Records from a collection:
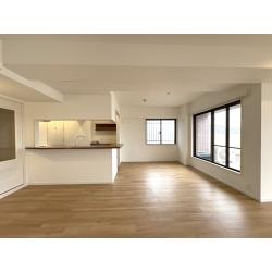 白を基調とした明るく開放的なリビングへと生まれ変わりました。 床には温かみのあるナチュラルカラーのフローリングを採用し空間全体がやさしい印象に。 壁や天井をホワイトで統一することで、窓ら差し込む自然光がより引き立ち広々とした雰囲気を感じられます。 キッチンまわりもすっきりとしたデザインに仕上げました
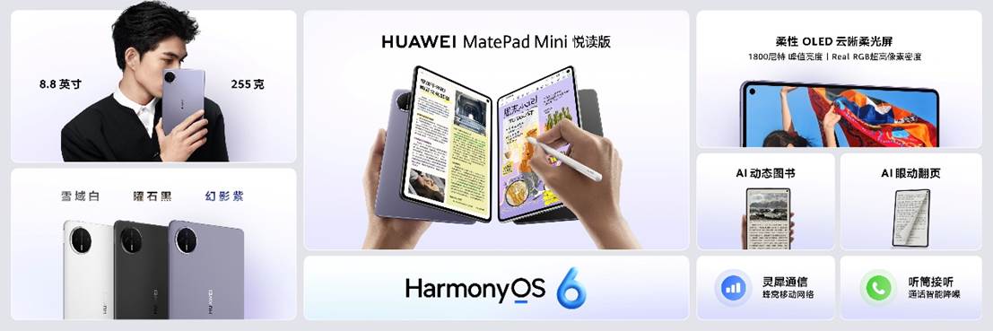 华为MatePad Pro 12.2 英寸搭载丰富鸿蒙电脑应用,天生会画App悬停预览再升级,12mm悬浮高度助力精准操作;华为MatePad Mini 悦读版超轻薄机身设计,配合华为阅读App带来AI眼动翻页、AI动态图书功能,让阅读更沉浸有趣。
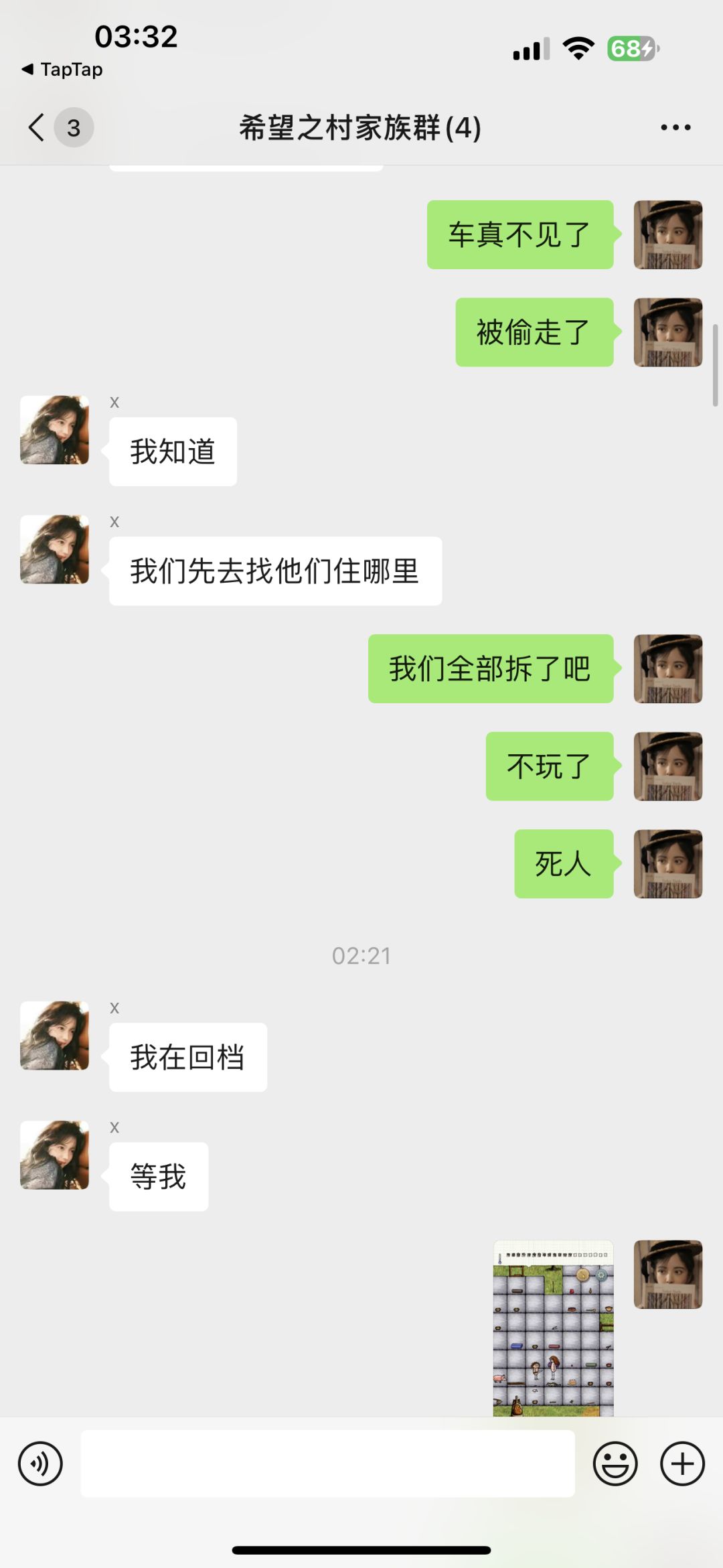前面出去找矿 一回家 看到一个女孩子 说饿 来吃点东西 我就好心收留了她 然后一看 家里种的百合被用了 心里隐隐不安 果然 刚上线 家里全部都是陌生人 被她的孩子追着骂 说我才是小偷 还拿刀来捅我 什么时候能有一些有素质的人
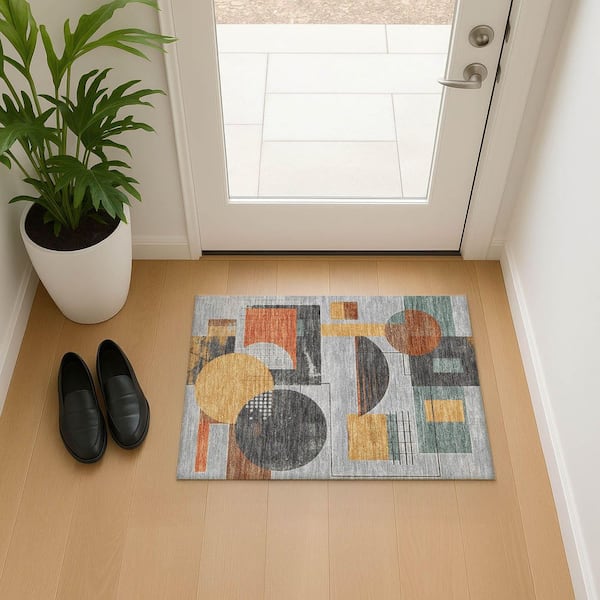 Mayfield Premium Machine Washable Abstract AMF1695 Gray 2 ft. x 3 ft. Area Rug
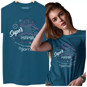KOSZULKA dla Mamy na Dzień Matki z napisem: "Super MAMA bo kto inny mógłby to wszystko ogarnąć?" kolor petrol

## Exercise details
The line containing "华为MatePad Pro 12.2" marks the end: copy exactly every line from the start of the records up to and including it, leaving out the pictures.

## Exercise solution
 白を基調とした明るく開放的なリビングへと生まれ変わりました。 床には温かみのあるナチュラルカラーのフローリングを採用し空間全体がやさしい印象に。 壁や天井をホワイトで統一することで、窓ら差し込む自然光がより引き立ち広々とした雰囲気を感じられます。 キッチンまわりもすっきりとしたデザインに仕上げました
 华为MatePad Pro 12.2 英寸搭载丰富鸿蒙电脑应用,天生会画App悬停预览再升级,12mm悬浮高度助力精准操作;华为MatePad Mini 悦读版超轻薄机身设计,配合华为阅读App带来AI眼动翻页、AI动态图书功能,让阅读更沉浸有趣。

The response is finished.